Юзеф Игнаций Крашевский
Семко
Том I
I
Осенью 1382 года, в начале октября, ещё мало ощущалось приближение зимы. Люди делали отсюда разные выводы, некоторые утверждали, что морозы и снег придут не скоро. А поскольку и птицы не все ещё улетели на юг, и другие признаки прогнозировали продолжительное тепло, на полях ещё суетились крестьяне с плугом и коровы с овцами шли на пастбище, потому что трава зеленела, как весной, хотя такой здоровой и питательной, как весной, не была.
На Висле тут же под Плоцком рыбаки и торговцы, которые сплавляли по воде разные товары, пользовались осенним подъёмом реки. С высокого берега со стороны замка можно было увидеть тут и там скользящие челны, лодки и большие корабли.
Опускался вечер и солнце ярко золотило облака, точно завтра должен был подняться ветер, – когда большая лодка, которой управляло двое человек, показалась вдали; кружа и медленно приближаясь к берегу, она искала место, чтобы пристать к нему.
Она шла по течению, двое гребцов то вёслами, то длинными прутьями, где могли достать дна, усердно работали, чтобы противостоять течению.
Они, видно, хорошо знали свою Вислу, знали, где были глубины и мели, потому что меняли вёсла и длинные жерди с большой уверенностью, заранее. Их одежда также указывала, что были местными. Их большая лодка была полна неводов и рыболовного снаряжения, в ведре плескалась плотва и маленькие щуки. Кроме двух перевозчиков, никого видно не было.
Только вблизи можно было заметить на дне горсть соломы, на ней суконную подстилку, а в углу под лавкой что-то съёженное, прикрытое серой епанчой.
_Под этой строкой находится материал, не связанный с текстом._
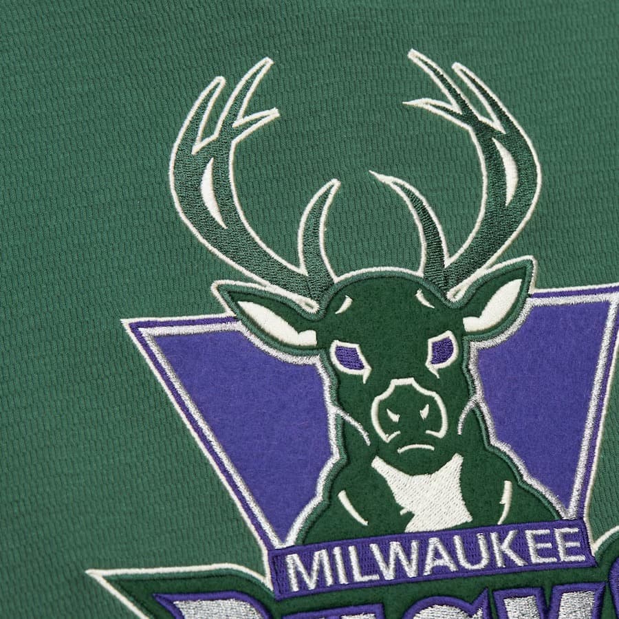 Заказать худи Mitchell & Ness Green Milwaukee Bucks Vintage Logo Thermal Lightweight Pullover Hoodie доставкой.

Этот человек, словно спрятанный и укрытый в лодке, казалось, спит или отдыхает. Голова была заслонена, лицо закрыто, невидимо. Он долго не двигался. Люди, в молчании направляющие лодку к берегу, иногда поглядывали на него, между собой о чём-то потихоньку шепчась, как если бы не хотели его будить. Он, однако же, не спал, а серая епанча, чуть отогнутая, позволяла ему видеть, где он находился.
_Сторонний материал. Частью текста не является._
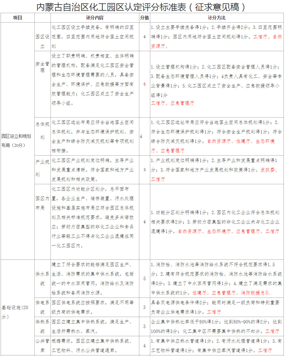 按照內(nèi)蒙古自治區(qū)安全生產(chǎn)委員會(huì)關(guān)于印發(fā)《內(nèi)蒙古自治區(qū)黨委辦公廳自治區(qū)人民政府辦公廳印發(fā)的通知》重點(diǎn)工作落實(shí)方案的通知(內(nèi)安委〔2021〕1號(hào))精神,自治區(qū)工信廳制定了《內(nèi)蒙古自治區(qū)化工園區(qū)(化工集中區(qū))認(rèn)定管理辦法(試行)(征求意見稿)》(簡稱《管理辦法》)《內(nèi)蒙古自治區(qū)化工園區(qū)認(rèn)定評(píng)分標(biāo)準(zhǔn)表》(簡稱《評(píng)分標(biāo)準(zhǔn)》),并征求了自治區(qū)應(yīng)急管理廳、發(fā)展改革委、自然資源廳、住房城鄉(xiāng)建設(shè)廳、交通運(yùn)輸廳、生態(tài)環(huán)境廳、公安廳、消防救援總隊(duì)意見建議,現(xiàn)將有關(guān)事項(xiàng)函告如下:

Лодка уже должна была пристать неподалёку от замка, стены которого в вышине и крест на Туме были видны, когда лежащий на полу совсем отбросил епанчу, поднял немного голову и начал готовиться к высадке.
Из-под капюшона, который он отбросил, было видно его бледное лицо и голова, покрытая шапочкой, обрамлённой мехом, с ушами. Выцветшее облачение темного цвета, толстого сукна, своим кроем, казалось, означает, что путник принадлежал к духовному сословию. Носили его тогда и такие, что, никакого сана не имея, к нему готовились.
Если в лодке действительно лежал клеха, то, пожалуй, он был одним из тех бедных, бродячих, которые использовали одежду священника, чтобы в ней во дворах, городах и монастырях легче было найти гостеприимство, бродяжничать и попрошайничать.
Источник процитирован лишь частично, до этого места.